- Film poster

Japanese name
- Kanji: 遙かなる山の呼び声
- Revised Hepburn: Harukanaru yama no Yobigoe
- Directed by: Yoji Yamada
- Written by: Yoji Yamada Yoshitaka Asama
- Produced by: Kiyoshi Shimazu
- Starring: Ken Takakura Chieko Baisho Hidetaka Yoshioka
- Cinematography: Tetsuo Takaha
- Edited by: Iwao Ishii
- Music by: Masaru Sato
- Production company: Shochiku
- Distributed by: Shochiku
- Release dates: 15 March 1980 (Japan); 17 October 1980 (United States);
- Running time: 124 minutes
- Country: Japan
- Language: Japanese

= A Distant Cry from Spring =

A Distant Cry from Spring (遙かなる山の呼び声, Haruka naru yama no yobigoe) is a 1980 Japanese drama film co-written and directed by Yoji Yamada. Set amid Hokkaido's rural landscape, it follows a widowed dairy farmer and her son who are transformed by the arrival of a mysterious drifter with a hidden past.

== Plot ==
In the vast, sparsely populated expanses of Hokkaido, Japan, recently widowed Tamiko Kazami (Chieko Baisho) struggles to maintain her small dairy farm while raising her young son, Takeshi (Hidetaka Yoshioka), on her own. The hard rhythms of farm life, such as milking, haying, feeding cows, repairing equipment, fill her every day.
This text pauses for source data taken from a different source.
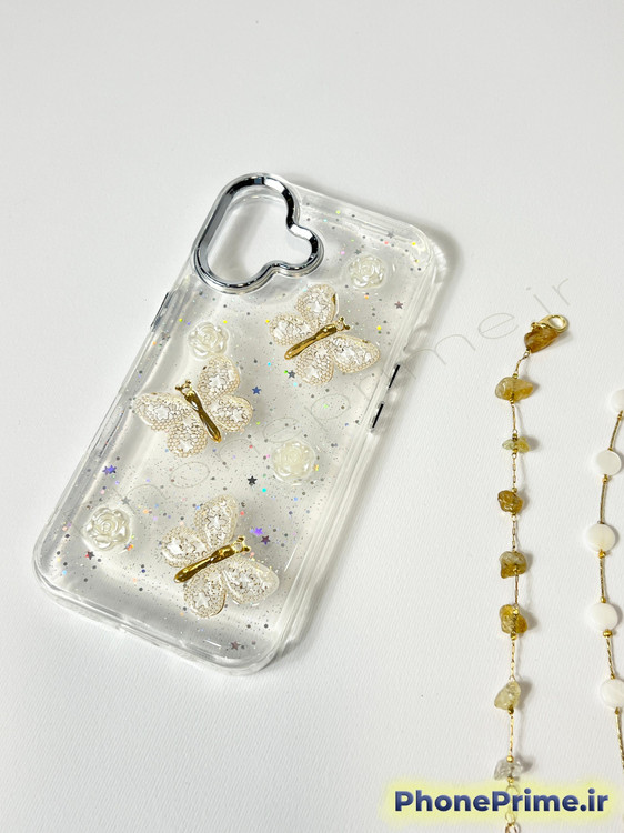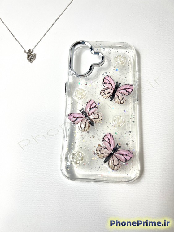 طراحی پروانههای برجسته 3D در کنار جلوه شاین براق و ظریف، نمایی لوکس و خاص به Galaxy A06 میدهد، بدون اینکه رنگ یا طراحی اصلی گوشی پوشانده شود. شفافیت قاب باعث میشود گوشی همیشه نو و تمیز دیده شود.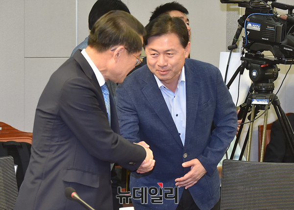 해양수산부장관으로 지명된 더불어민주당 김영춘 의원이 30일 오후 국회 의원회관에서 열린 '안전, 건강의 국가 먹거리 시스템 어떻게 만들까' 세미나에 참석해 김재수 농림축산식품부 장관과 대화를 나누고 있다.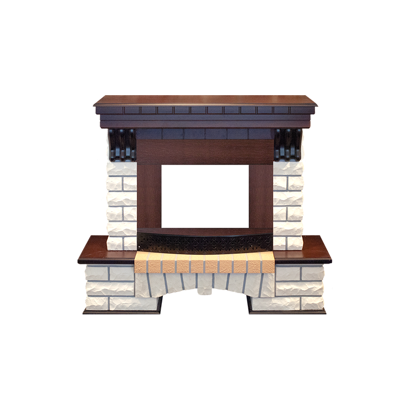 Портал в стиле Country. Изготовлен из искусственного камня и шпонированного МДФ. Камень белого цвета. Предназначен для популярных очагов 25 дюймов.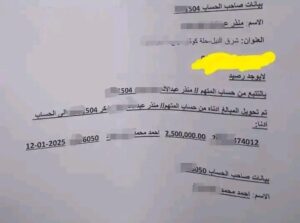 منذر دا حول المبلغ من حسابو لحساب محمد احمد اشترى منو بضاعة او شال كاش المهم هنا محمد احمد ما ليهو ذنب بس للاسف المبلغ دخل حسابو وحيتم حجز المبلغ بالمختصر

One stormy night, as Tamiko and Takeshi shelter from thunder in their humble farmhouse, a lone stranger named Kōsaku Tajima (Ken Takakura) knocks at the door seeking refuge. Wary but compassionate, Tamiko allows him to sleep in the barn; during the night, Tajima even helps with a cow's calving. At dawn, he thanks them and quietly disappears.

Months later, likely the following spring, Tajima returns, this time requesting work in exchange for food and lodging. Although initially reticent, Tamiko accepts out of necessity. Tajima proves to be a diligent, self-sufficient worker who gradually becomes indispensable to both farm operations and household life. Young Takeshi forms a close bond with him, seeing in Tajima a caring and stabilizing father-figure.

Their relationship grows not through overt romance but through shared labor, quiet companionship, and mutual healing. Tamiko eventually suffers a slipped disc and must be hospitalized, leaving Tajima to manage the farm with the help of a teenage neighbor, which further deepening his bond with Takeshi and proving his reliability. As feelings deepen, Tajima remains reclusive, sleeping in a separate shed and keeping his distance.

Tamiko is pursued by a man from a wealthier farm who appears to want her as a mistress rather than a wife. She rebuffs his advances, and when he returns with his brothers intending to threaten her, Tajima intervenes. His calm yet resolute defense diffuses the confrontation and even transforms the aggressors into allies.

Tajima's past gradually comes to light: he has been on the run, having killed a man who threatened his wife who committed suicide because of it and been fleeing the law for at least two years. This revelation strains the invisible thread binding the characters. Tajima eventually decides to surrender himself to the authorities, acknowledging his responsibility.

On a train where Tajima prepares to leave for custody and prison, an emotional and restrained Tamiko finally voices her feelings for Tajima, telling him she will wait for him after the four-year prison term.

==Awards and nominations==
5th Hochi Film Awards
- Won: Best Actress - Chieko Baisho

4th Japan Academy Film Prizes
- Won: Best Actor - Ken Takakura (also for Dōran)
- Won: Best Actress - Chieko Baisho (also for Tora-san's Tropical Fever)
- Won: Best Screenplay - Yoji Yamada and Yoshitaka Asama (also for Tora-san's Tropical Fever)
- Won: Best Music Score - Masaru Sato
- Nominated: Best Film
- Nominated: Best Director - Yoji Yamada (also for Tora-san's Tropical Fever)
- Nominated: Best Sound - Hiroshi Nakamura

35th Mainichi Film Awards
- Won: Best Actress - Chieko Baisho

3rd Montreal World Film Festival
- Won: Special Prize of the Jury - Yoji Yamada

== Reception ==
Andrew Saroch of Far East Film compared the film to Minari, as a "heart-warming story with sophistication." He further stated that "as with the best of Japanese cinema, it has that little something indefinable that lifts it above its contemporaries. Another Yamada masterclass." Charles Champlin of Los Angeles Times called the film "a masterful work by a civilized, sensitive and thoughtful craftsman in serene command of his art."